Heat and drought may still grip Texas in an iron fist, but cheery oxblood lilies (Rhodophiala bifida) are popping up anyway to remind us that autumn will be here soon. I treasure fall heralds like these for their hopeful message as much as for their seasonal flowering.
This is the early-bird oxblood lily in my garden this year. I hope to see lots more in my garden and around town in coming weeks. Oxblood bulbs require absolutely no care beyond dividing them every few years if you feel like it, and they don’t mind dry soil or light shade, making them a wonderful addition to dry-South gardens.

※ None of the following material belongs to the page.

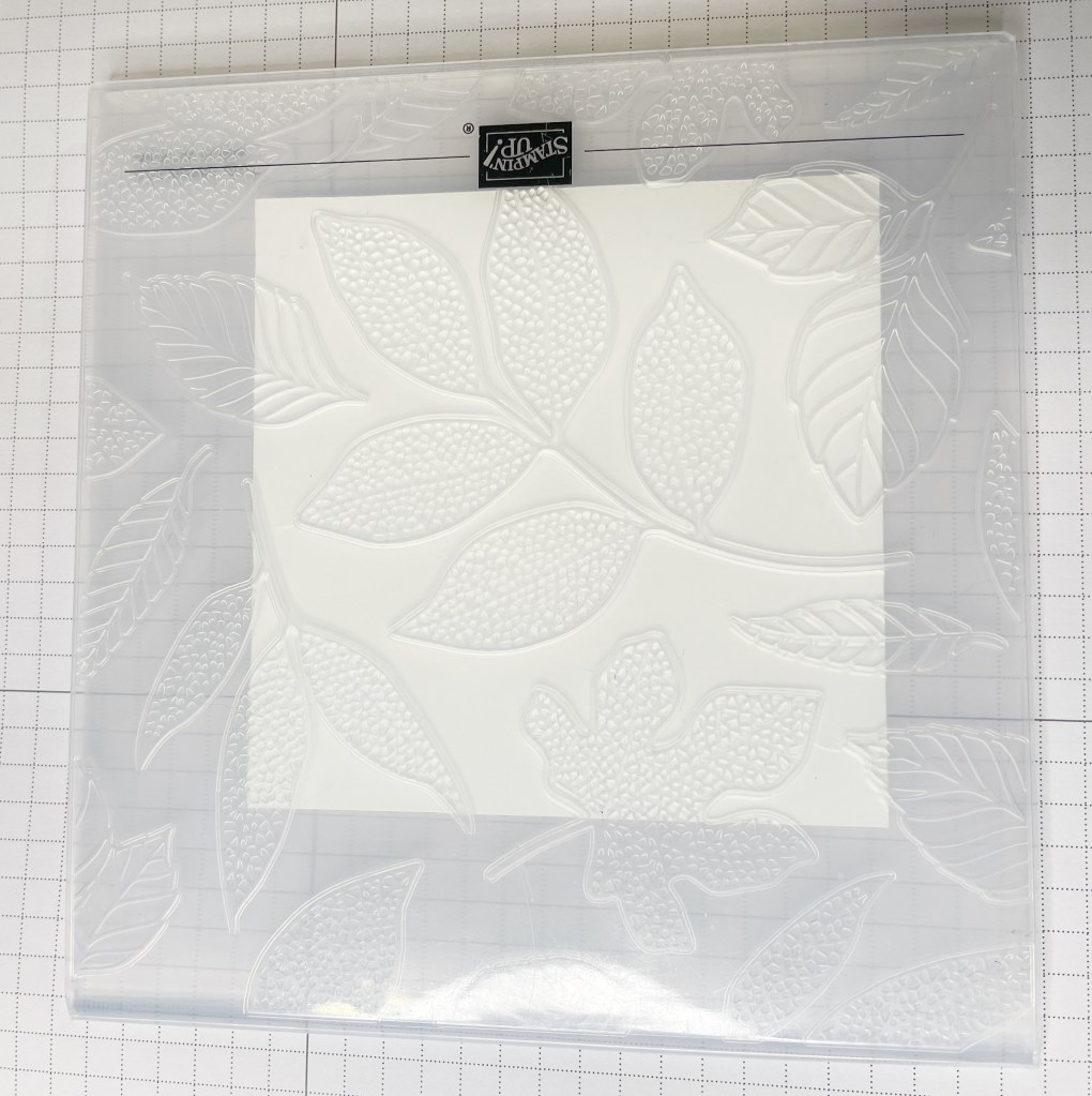 I embossed the Basic White with the Changing Leaves Embossing Folder. You want to make sure the focus leaf is mostly on the white. I have just a tip of one leaf off the edge.

Another sign of summer’s end are the spiky, purple bracts of native Leavenworth’s eryngo (Eryngium leavenworthii), which came to my garden via seeds shared by Michael at Plano Prairie Garden. Sure, it’s a little weedy, but can anything beat that crown of purple spikes?
Maybe only the jewel-toned berries of American beautyberry (Callicarpa americana). Even though its leaves hang limply from thirst, the purple berries speak of hope for fall rain — at least that’s what they’re saying to me. For the mockingbirds, those brilliant berries are a dinner bell.
Thank you for giving me hope, fall harbingers. We who garden under the Death Star really need it.
Is anything promising cooler weather in your garden?